Archive for the ‘Outdoors’ Category.

Trippy

A couple of weeks back, Punam, her mother, Dante and I went to the wedding of our friends Anne and Steve in Santa Fe, NM. The pictures are up on Flickr, tagged “santafe”.

It was Dante’s first plane trip, and his first encounter with the TSA! He had his own boarding verification document that they checked at security.

The happy couple, at the rehearsal lunch. Interestingly, no party in the wedding actually came from Santa Fe — Anne and Steve had met there, but in the intervening time have moved to Phoenix, AZ. But there’s a lot to like about Santa Fe; it’s a beautiful, historic city with really great weather. How important a consideration this is became clear to me during my own wedding in rainy, dark Pittsburgh, when it was pointed out to me repeatedly by the photographers how lucky we were to get a few hours of sun.

We were happy to meet up with Debra and her husband Dave, and spend the night before the wedding hanging around in town. Even if Santa Fe had nothing else going for it, it has a really excellent food scene, as long as you like the meats.

Martha and Chris got to meet the boy for the first time. The suit is so cute! No one could believe that we had found a tie in Dante’s diminutive size.

Punam, Anne, and Debra at the reception. We had a really excellent time!

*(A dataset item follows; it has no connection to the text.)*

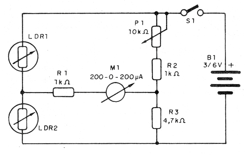 Con este circuito es posible hacer la comparación de tonos de tintas, intensidad de fuentes luminosas o de grados de iluminación. El circuito consiste en un puente usando sensores dos LDR. Cuando las intensidades de luz en los LDR se igualan el puente equilibra con la indicación de nulo en el instrumento, un microamperímetro con cero en el centro de la escala.
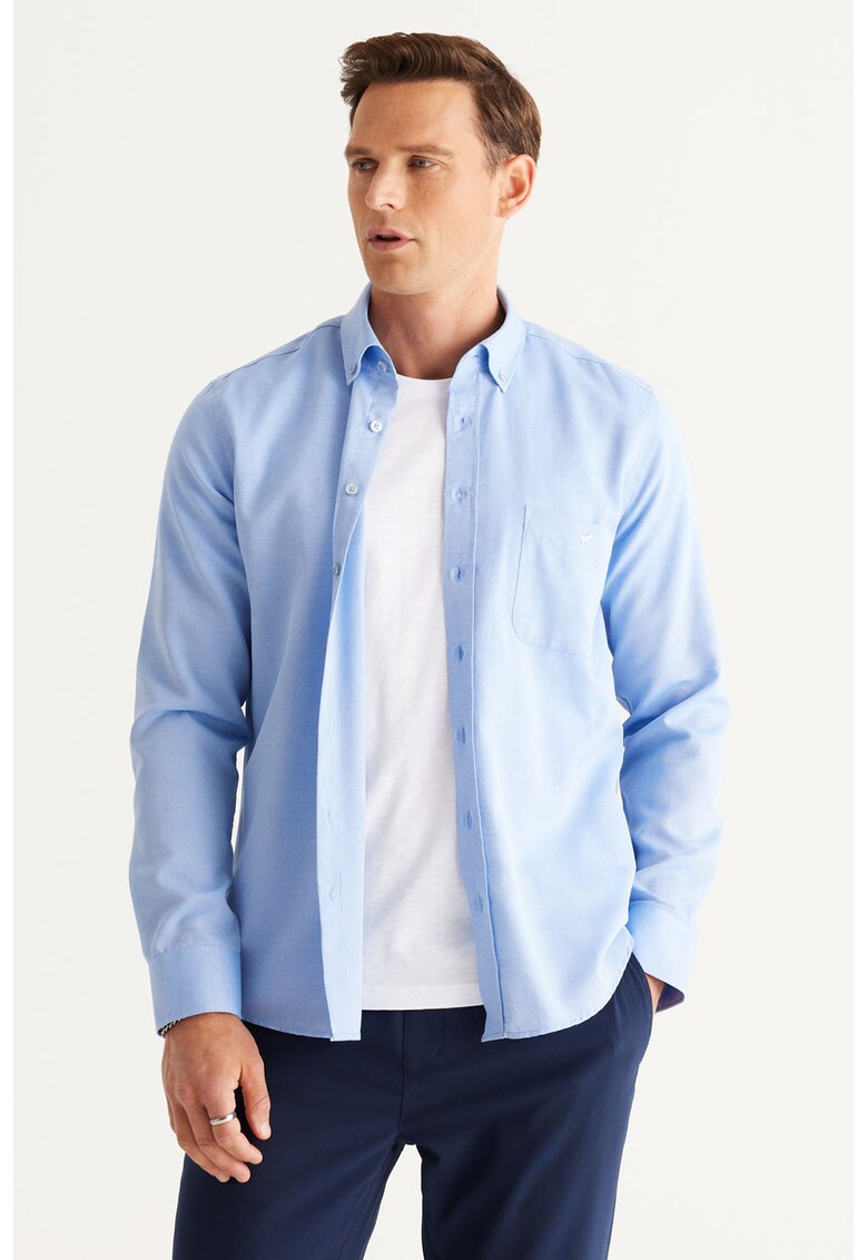 - bumbac Imprimeu: uni Stil: casual Croiala: slim fit Guler: oxford Lungime maneca: maneca lunga Buzunare: pe piept Sistem inchidere: nasturi Compozitie Exterior: 55% bumbac

Dante only looks partied out here… he got his second wind eventually. It was in his diaper.

The DJ played some Guns ‘n Roses. Debra made like Slash for the win.

And somehow, we managed to fit in visits to the Bradbury Museum in Los Alamos (with lots of bizarre nuclear-arsenal propaganda) and Petroglyph National Monument in Albuquerque!

At Petroglyph with Punam’s mom.

After it was all over, we hosed down the boy and put him in his helpfully labelled “BABY” bathrobe, which (as previously mentioned) is sometimes helpful in differentiating baby from bathwater.

And then we all slept like babies, especially the baby.

Quails and lizards and such at Rancho San Antonio

Abby and I went on a hike at Rancho San Antonio this weekend. RSA is a county park west of Cupertino, in the mountains that make Silicon Valley an actual valley, thick with wildlife and offering beautiful hikes. In the rainy season, seasonal torrents pour down the mountains and every square inch turns green; now, in the height of the dry season, the mountain lions stalk their mule deer prey in meadows gone brown and dusty.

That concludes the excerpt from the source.